Small Business Apps: What You Need to Run Everything

Most small businesses need six things covered: tracking time, running projects, invoicing clients, watching the money, keeping client records, and staying in touch with the team. You can do that with six separate apps — or with one that does all of it. This guide covers the apps a small business actually needs, the real cost of juggling several, and how to decide between a stack of single-purpose tools and one all-in-one app.

What apps does a small business actually need?

Strip away the hype and a service business — a freelancer, consultant, agency, or small team — needs to cover six jobs:

  • Time tracking — because for most small businesses, time is what you sell.
  • Projects and tasks — so work has a plan, an owner, and a deadline.
  • Invoicing and payments — to turn work into money and chase what's overdue.
  • Finances — cash flow and expenses, so you know what's actually left.
  • Client records — everything about a client in one place.
  • Team communication — updates and decisions that don't get lost.

Everything else is a nice-to-have. If an app doesn't serve one of these six, it probably isn't essential to running the business.

Single-purpose apps vs one all-in-one tool

There are two ways to cover those jobs:

Several single-purpose apps One all-in-one app
Setup Pick the "best" tool per job One account, one login
Cost Adds up — 5–6 subscriptions Usually one subscription
Data Lives in silos; you copy between them Connected — time flows into invoices
Best for Teams with one dominant need + budget Small teams who want everything in context

Single-purpose tools can be more powerful in their one area. The trade-off is that nothing talks to anything else — your tracked hours don't know they should become an invoice, and your projects don't know their budget.

The hidden cost of juggling five apps

The subscriptions are the obvious cost. The bigger one is quieter: the time and money lost between the tools.

A typical week: you track hours in one app, copy them into an invoice in another, log the expense in a spreadsheet, and update the client in a fourth. Every hop is a chance to forget something — and forgotten hours are unbilled hours. For a one-person business with no finance team to catch the gaps, that leak is pure lost income.

How to choose apps for your business

A short checklist for a small team:

  1. Start from the six jobs, not the feature lists. What do you actually need covered?
  2. Count the real cost — add up every subscription, then ask what one connected tool would cost instead.
  3. Follow the data — does your time become an invoice automatically, or do you retype it?
  4. Match the size — enterprise tools are overkill (and overpriced) for a small team; pick tools built for your scale.
  5. Will you use 80% of it? Pay for what you'll open daily, not a feature you'll touch once.

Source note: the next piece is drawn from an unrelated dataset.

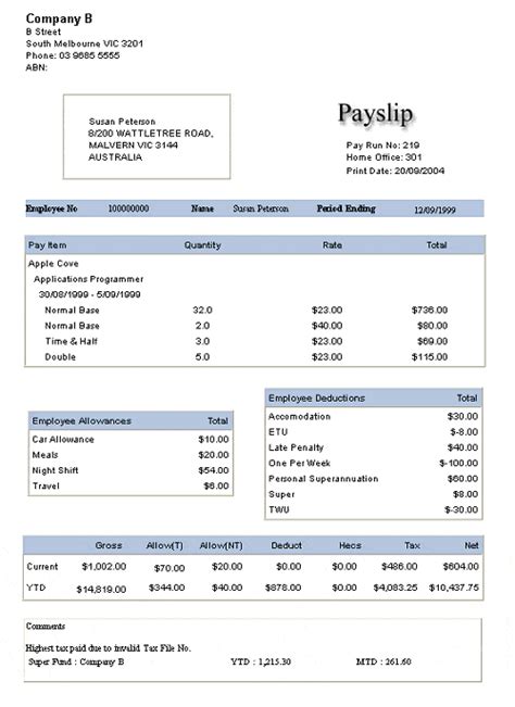 Payslip Template Word

Running your whole business from one app

If your six jobs are all about selling and delivering time, the category built for exactly that is professional services automation (PSA) — one workspace for time, projects, invoicing, finances, and clients.

Heyweek is all-in-one professional services automation software that lets freelancers and small teams run their entire business — time, projects, clients, invoicing, and finances — from one connected workspace. Instead of six subscriptions and a spreadsheet, tracked time becomes invoices, projects carry their own budget, and client history sits in one place. It's the all-in-one option for small businesses that would rather run the work than run the tooling.

Frequently asked questions

What apps do I need to run a small business? At a minimum: time tracking, projects and tasks, invoicing, a view of your finances, client records, and team communication. A service business can cover all six with either several single-purpose apps or one all-in-one tool.

Is it better to use one all-in-one app or several? Several single-purpose apps can be more powerful in their one area, but nothing connects. One all-in-one app links your data — time becomes invoices, projects carry budgets — which usually saves a small team more time and money than the extra power of separate tools.

What is a business management app? A business management app brings the core operations of running a business — time, projects, invoicing, finances, and clients — into one place, so you manage the whole business from a single tool instead of juggling several.

What's the best app to organise a small business? The best one covers the six core jobs, sets up quickly, is priced for your size, and connects your data so you're not copying numbers between tools. For businesses that sell time, that's usually an all-in-one PSA tool.

How much do small business apps cost? Single tools often run $10–30 per user per month each, so a stack of five or six adds up fast. One all-in-one app is usually a single subscription in a similar per-user range, which is why consolidating often lowers the total bill.